A new report tying movie-going audiences with film content concludes: Representation matters.
Hollywood decision-makers are finally coming around to the idea that America is a lot more complex, interesting and colorful than the White world it has been depicting. And surprise, surprise, making movies with diverse ideas and actors can make money.
The box office success of movies like Black Panther and Crazy Rich Asians forces the entertainment industry’s studio heads and producers to rethink their old biases and acknowledge that people of color make up a substantial part of their audience.
“Today’s consumer has countless entertainment options, making it easier than ever for diverse audiences to find content that speaks to their tastes and experiences,” said Chief Commercial Officer and President of Movio Media Craig Jones. “If cinema is to remain relevant and continue having a cultural impact, it must attract these audiences by delivering more representative content.
Movio, a film industry marketing and data firm, on Thursday released a white paper, “The Diversity Demand: Securing the Future of Moviegoing.” The report examines how theatrical audience composition correlates to increased representation on screen, and if this suggests an opportunity to drive box office by producing content representative of audiences that have historically been underrepresented in film.
The analysis confirms a correlation between a minority group’s representation on screen and that group’s audience turnout, with some groups attending in numbers at more than twice the usual rate.
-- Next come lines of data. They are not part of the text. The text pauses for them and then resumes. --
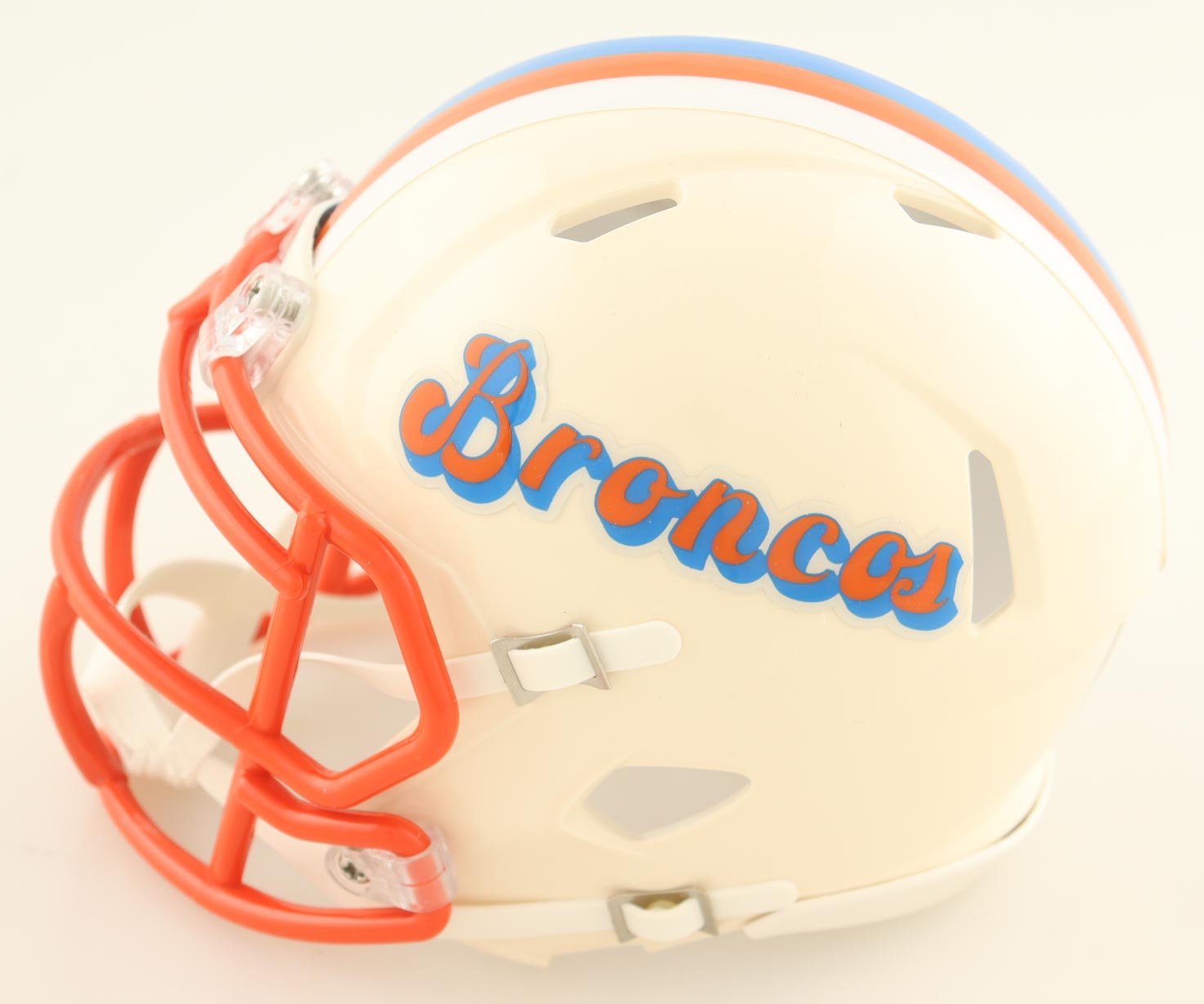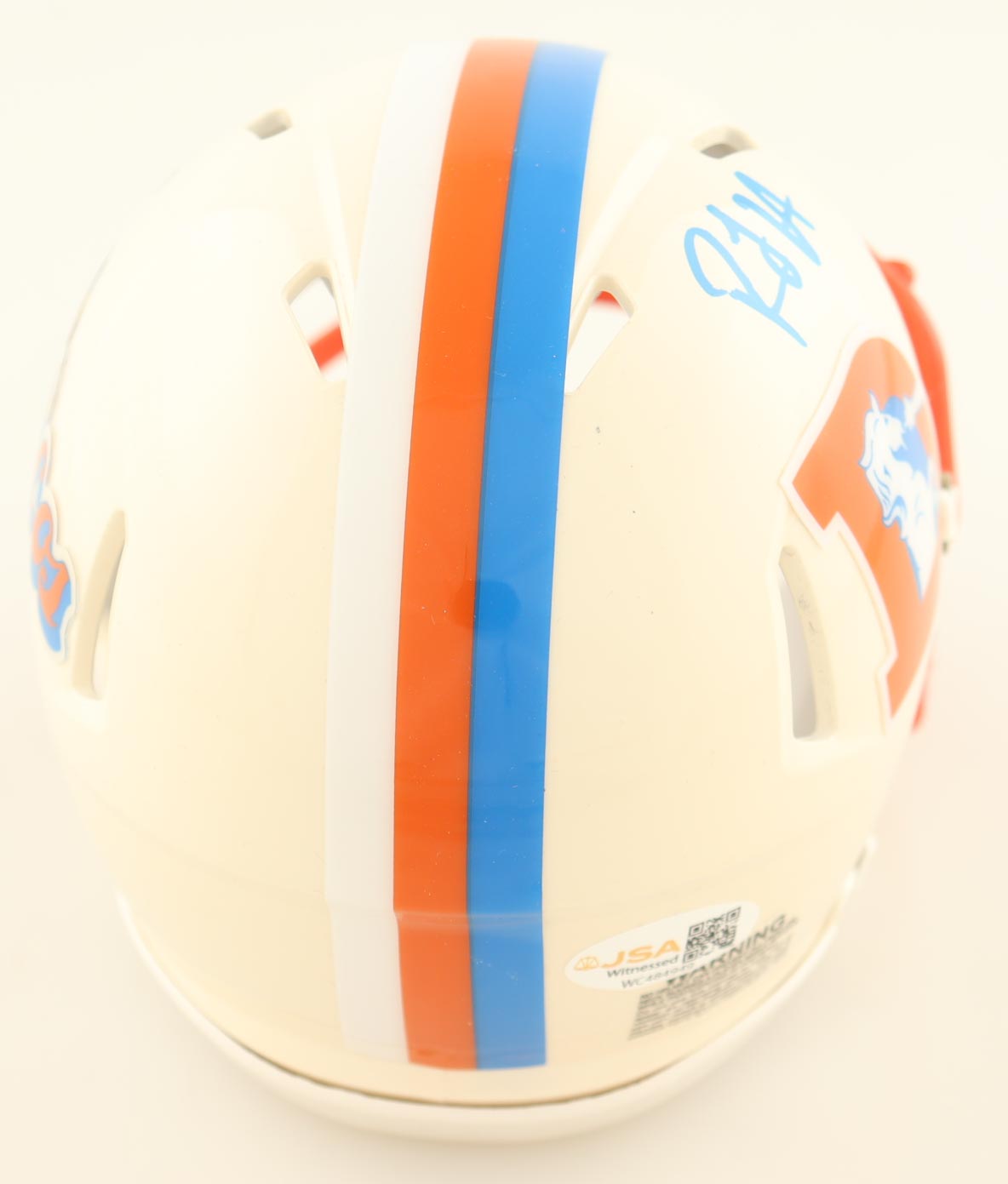 Riddell Denver Broncos Retro Alternate speed mini helmet has been hand-signed by RJ Harvey.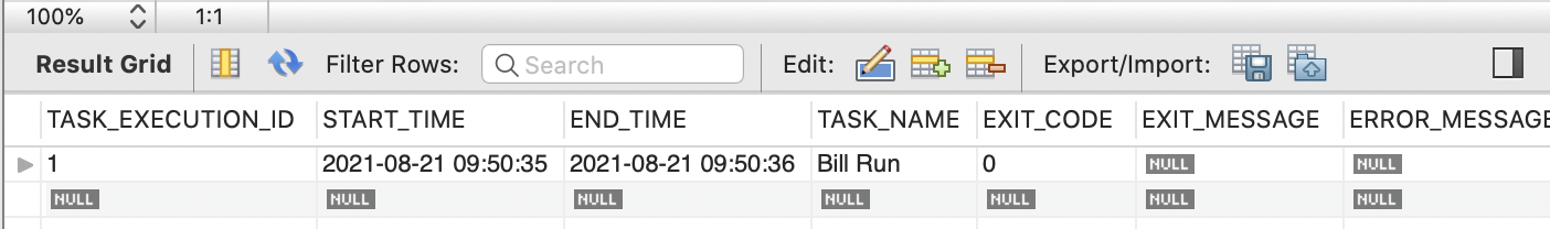 spring batch 아무 메타테이블에나 접속해보면 마찬가지로 실행 정보가 잘 들어가 있다. 아래 테이블은 task_execution 이다.
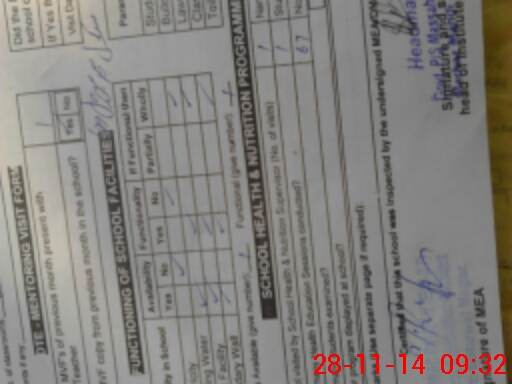 | Attendance Register | Head Teacher | MEA with School | Visit Proof |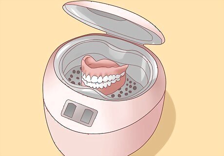 Ask about ultrasonic cleaning. When you go to the dentist, ask if ultrasonic cleaning might work for you. Your dentist can use this technique to cleanse your dentures with sound waves. It sounds strange, but ultrasonic cleaning is one of the most effective means of eliminating stains and preventing deposits from forming.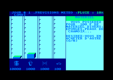 Vous voilà laveur de voitures. Mais attention ! Vos outils ne sont pas les seaux et la peau de chamois mais votre tête et vos talents de chef d'entreprise. Vous commencez le lundi avec 300 F en poche, 100 F de matériel divers et vous espérez finir la semaine millionnaire ! Vous devez, chaque jour, prendre des décisions concernant les achats de matériel, la publicité et le prix d'un lavage. Selon la météo, vous laverez plus ou moins de voitures et, par conséquent, vos poches se rempliront ou se videront. Voilà un petit jeu en basic, très restreint, qui aurait eu sa place dans la rubrique "listings" mais certainement pas dans le commerce, au milieu des autres logiciels de simulations d'entreprise. Il n'est pas possible de prolonger l'expérience au-delà d'une semaine, la quantité de voitures lavées est souvent complètement fantaisiste, etc. Un achat à éviter, donc. Dommage ! |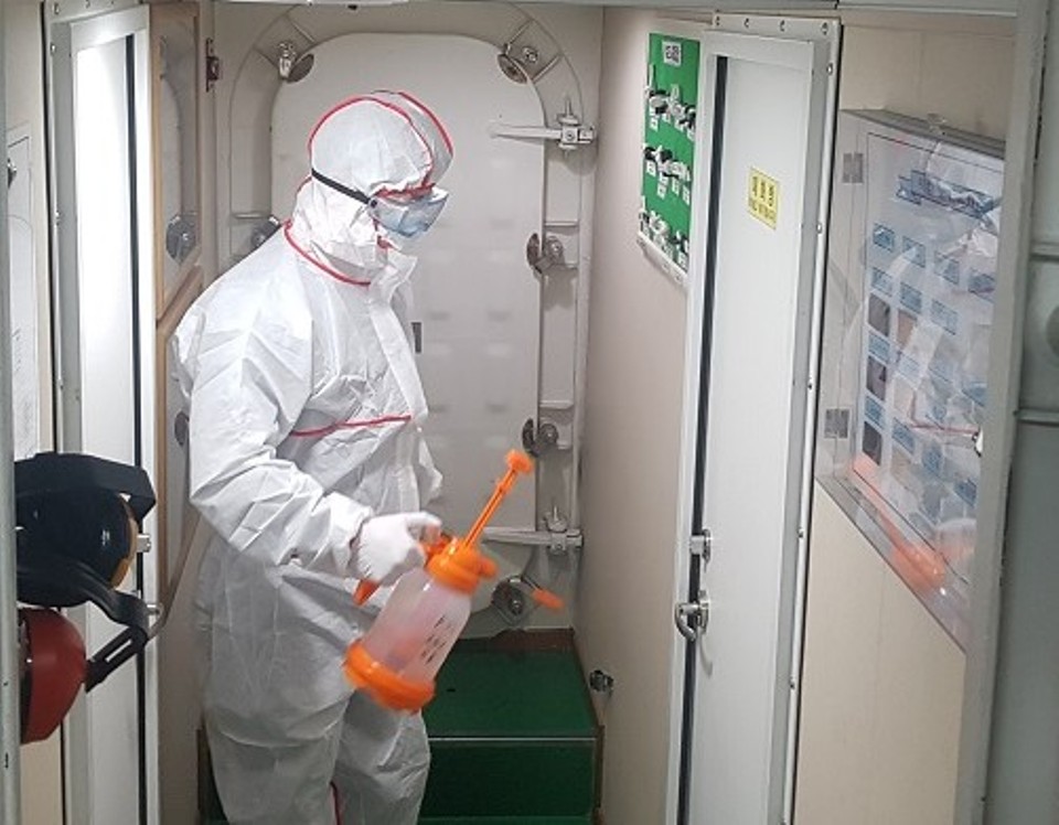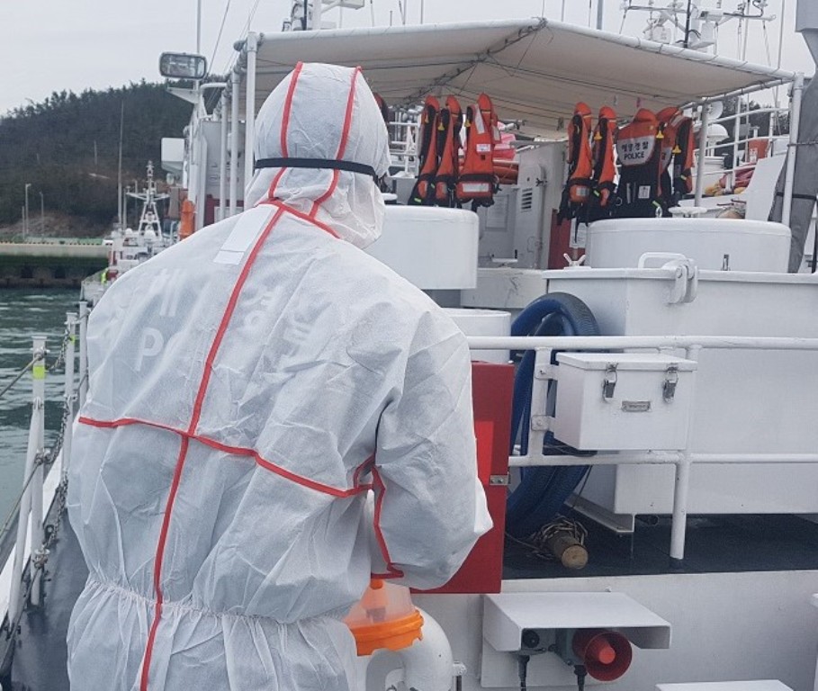 완도해경 경비함정은 출동 임무와 크기에 따라 짧게는 1박 2일에서 길게는 4박 5일 동안 함정 내에서 생활이 이뤄지는 만큼 감염병 확산에 취약할 수 있어,정박기간 내 실시하는 사설업체의 방역뿐만 아니라 출동 기간중에도 자체 실내 방역과 환기를 수시로 실시하고 발열 체크 등을 통해 승조원의 건강 상태를 확인하고 있다.

The research also shows that increased representation of minority groups on screen can influence less engaged moviegoers within that demographic cohort to attend the theater.
a cursory analysis, Movio selected several pairs of theatrically
released films which would generally be considered “similar” in terms of
both genre and budget. For each pair, one film featured an
underrepresented lead or co-lead and the other film did not. The
audience composition of each film was then analyzed by Movio’s data
science team. Some highlights include:
- The audience for Pixar’s Coco was nearly 75% more Latinx than the audience for another Pixar hit, Incredibles 2.
- Horror hit Us brought out an audience that was nearly 100% more African American or Black than the audience that attended similar title, A Quiet Place.
- Analyzing a trio of similar Romantic Comedy titles, the research found Crazy Rich Asians attracted an audience that was 186% more Asian and What Men Want attracted an audience that was 296% more African American or Black than the audience that attended Isn’t It Romantic.
- Crazy Rich Asians also brought in a significantly higher share of First Time, Infrequent, and Occasional Asian moviegoers than any other ethnic cohort.
- Comparing DC superhero hits Wonder Woman and Aquaman, the analysis shows the female led superhero title did not significantly alter the demographic profile of the audience in attendance, as both titles attracted an audience that was 40-41% female. Considering Hollywood’s longstanding hesitation to release a female-led superhero movie, the “absence of underperformance” within a certain audience group (male moviegoers, in this case) may be as meaningful as a title’s overperformance with another.
- Mega Blockbuster hit Black Panther attracted an audience that was 38% more African American or Black than Avengers: Infinity War. This is huge in absolute terms, with 40.7% of all Black U.S. moviegoers attending Black Panther.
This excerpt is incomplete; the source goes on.